4.4.3. Developing a regex

  1. Think of the PATTERN you want to capture in general terms. “I want three letter words.”

  2. Write pattern = "\w{3}" and then try it on a few practice strings. The goal is to BREAK your pattern, find out where it fails, and notice new parts of the pattern you missed.

import re
pattern = "\w{3}"
re.findall(pattern,"hey there guy") # whoops, "the" isnt a 3 letter word
['hey', 'the', 'guy']

That produced “the” as a 3-letter string, but we wanted words.

pattern = "(\w{3}) " # I added a space after it. 
# the () is a way of saying "I'm interested in the stuff (a word, hopefully) in inside the parens" 
re.findall(pattern,"hey there guy") # whoops, "the" isnt a 3 letter word
['hey', 'ere']

Darn.

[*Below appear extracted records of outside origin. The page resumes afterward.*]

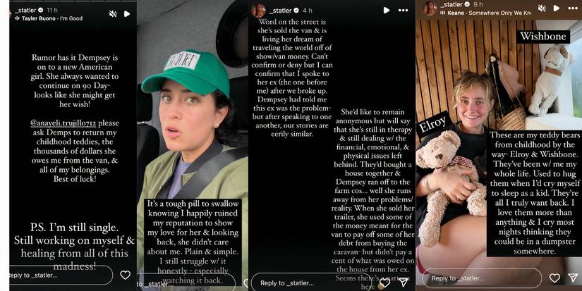 Statler confirmó que todavía está soltera y recuperándose de “toda esta locura.” Continuó diciéndoles a los fanáticos que felizmente arruinó su reputación para Dempsey cuando a este último no le importaba. Ella procedió a compartir una foto de Dempsey con los ositos de peluche de su infancia, Elroy y Wishbone, que realmente quiere recuperar y espera que no estén en un contenedor de basura en alguna parte. Statler cree que Dempsey vendió la camioneta para poder viajar por el mundo. También se puso en contacto con la mujer con la que Dempsey salió después de su ruptura, que es “todavía en terapia“ lidiando con el “Los problemas financieros, emocionales y físicos quedaron atrás.“
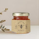 Custom-designed honey jar wedding favors featuring "meant to bee" lovely bee design with couple's initials and wedding date.
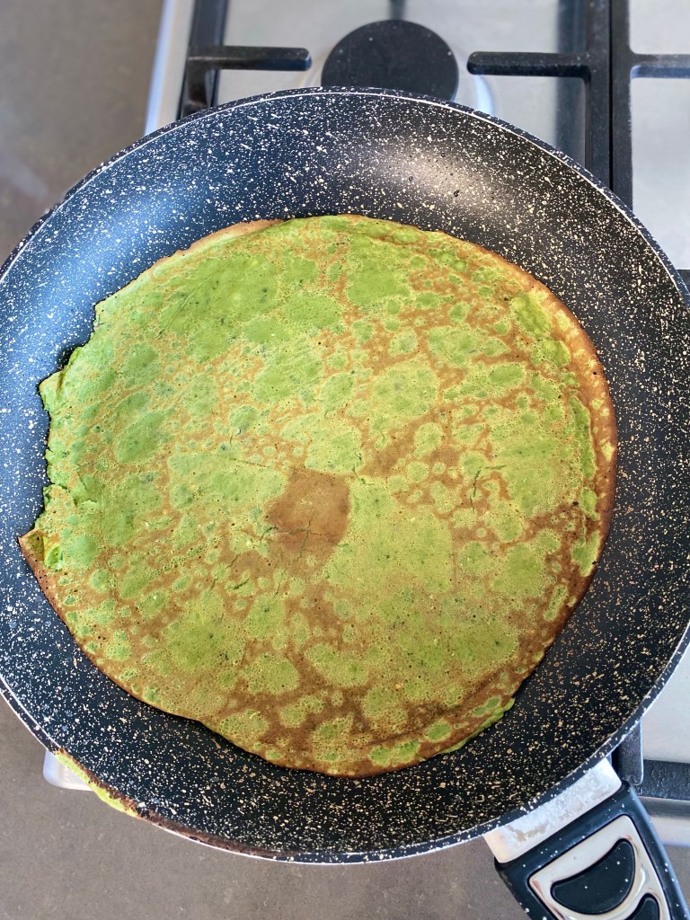 Takto připravené palačinkové těsto lijeme na pánev, kde předem rozpálíme malou kostičku domácího másla. Já preferuji palačinky tenké, tudíž liji na pánev malé množství těsta.

It found the 2 times three letters were followed by a space. It missed the “guy” because that isn’t followed by a space. But there is a way to catch multiple kinds of word boundaries: “\b

pattern = "(\w{3})\b" # \b means the string has to be followed by a word boundary
re.findall(pattern,"hey there guy") 
[]

Except that still didn’t work, but this time for an annoying reason. \b means word boundary in regex, yes but before the string is used by regex, python processes the string, and \b in a python string means “backspace”. Annoying, but look:

print('\b')


The workaround was discussed at the bottom of the last page: Use “raw string notation”. This means the string is left “as is”. Look:

print(r'\b')
\b

Ok, back to our idea of using the word boundary to get “guy”, this time with a “raw string”.

pattern = r"(\w{3})\b" 
re.findall(pattern,"hey there guy") 
['hey', 'ere', 'guy']

Now, we need to get rid of “ere”. A word starts after a word boundary, right?

pattern = r"\b(\w{3})\b"  # make sur the word has a boundary before it
re.findall(pattern,"hey there guy")  # got it!
['hey', 'guy']